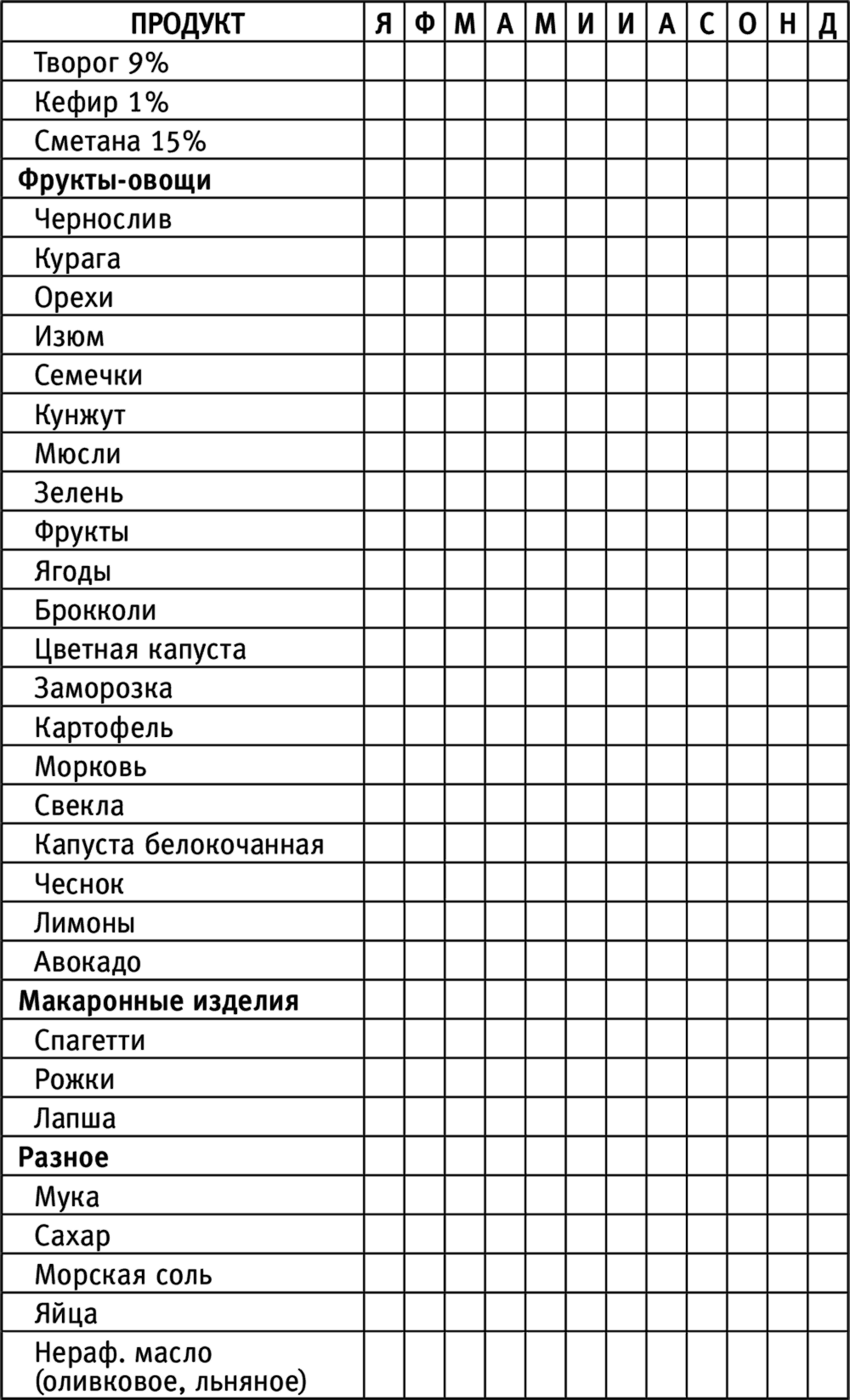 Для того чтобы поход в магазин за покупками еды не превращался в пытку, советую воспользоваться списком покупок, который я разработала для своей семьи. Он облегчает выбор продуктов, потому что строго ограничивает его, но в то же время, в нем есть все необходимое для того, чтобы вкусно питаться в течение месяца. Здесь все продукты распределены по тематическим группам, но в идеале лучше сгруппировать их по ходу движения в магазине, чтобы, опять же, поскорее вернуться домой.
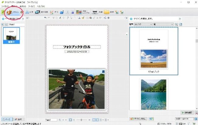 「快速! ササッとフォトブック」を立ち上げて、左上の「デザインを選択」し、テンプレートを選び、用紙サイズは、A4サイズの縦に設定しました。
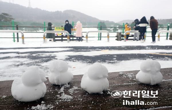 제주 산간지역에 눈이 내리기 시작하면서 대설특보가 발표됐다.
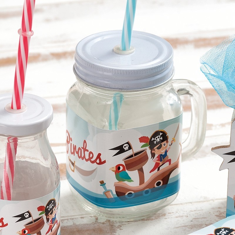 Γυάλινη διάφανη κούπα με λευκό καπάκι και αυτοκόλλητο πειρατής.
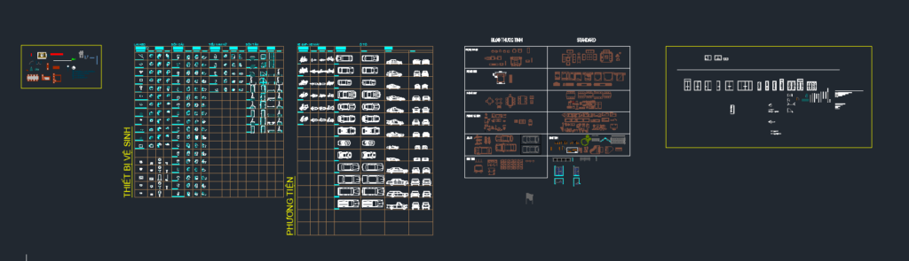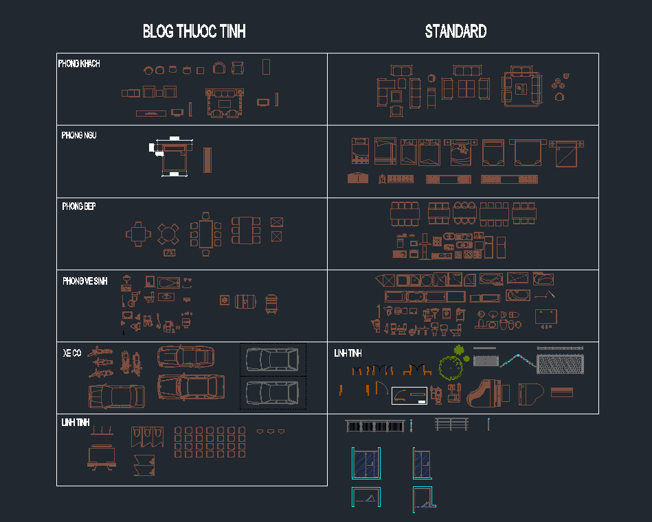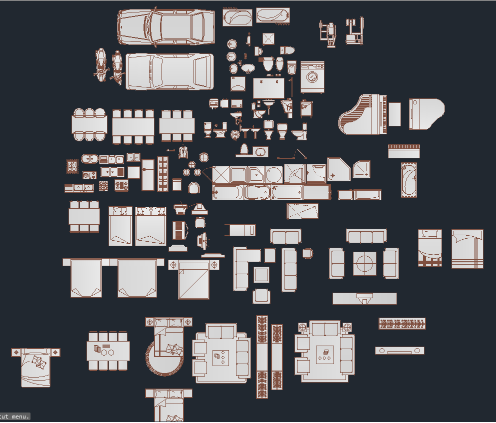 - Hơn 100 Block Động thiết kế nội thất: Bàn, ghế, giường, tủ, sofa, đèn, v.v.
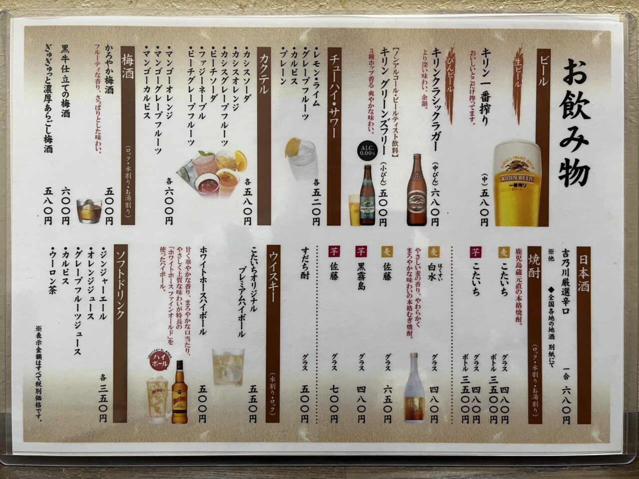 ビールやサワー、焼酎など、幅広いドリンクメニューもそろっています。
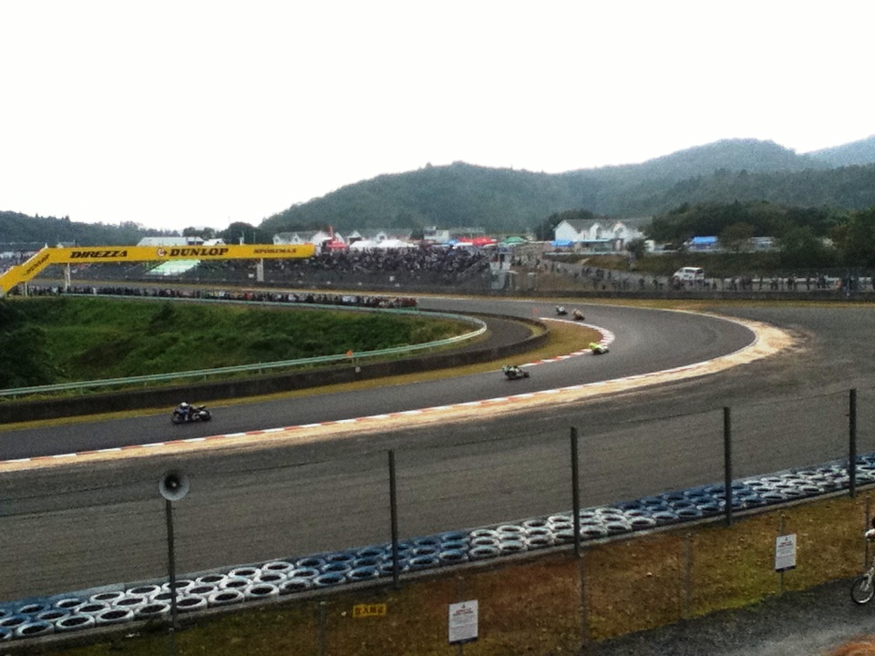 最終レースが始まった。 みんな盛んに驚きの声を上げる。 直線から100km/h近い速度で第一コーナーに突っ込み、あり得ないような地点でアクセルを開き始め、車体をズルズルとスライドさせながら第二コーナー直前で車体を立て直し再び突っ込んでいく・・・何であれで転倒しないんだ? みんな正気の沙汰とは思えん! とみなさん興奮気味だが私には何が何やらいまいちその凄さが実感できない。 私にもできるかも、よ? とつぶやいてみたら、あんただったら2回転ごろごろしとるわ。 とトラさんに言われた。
- - -
The copy has to start at the line that contains "- Hơn 100 Block" and end at the last line of the material above, matching the original exactly and holding no pictures.

 - Hơn 100 Block Động thiết kế nội thất: Bàn, ghế, giường, tủ, sofa, đèn, v.v.
 ビールやサワー、焼酎など、幅広いドリンクメニューもそろっています。
 最終レースが始まった。 みんな盛んに驚きの声を上げる。 直線から100km/h近い速度で第一コーナーに突っ込み、あり得ないような地点でアクセルを開き始め、車体をズルズルとスライドさせながら第二コーナー直前で車体を立て直し再び突っ込んでいく・・・何であれで転倒しないんだ? みんな正気の沙汰とは思えん! とみなさん興奮気味だが私には何が何やらいまいちその凄さが実感できない。 私にもできるかも、よ? とつぶやいてみたら、あんただったら2回転ごろごろしとるわ。 とトラさんに言われた。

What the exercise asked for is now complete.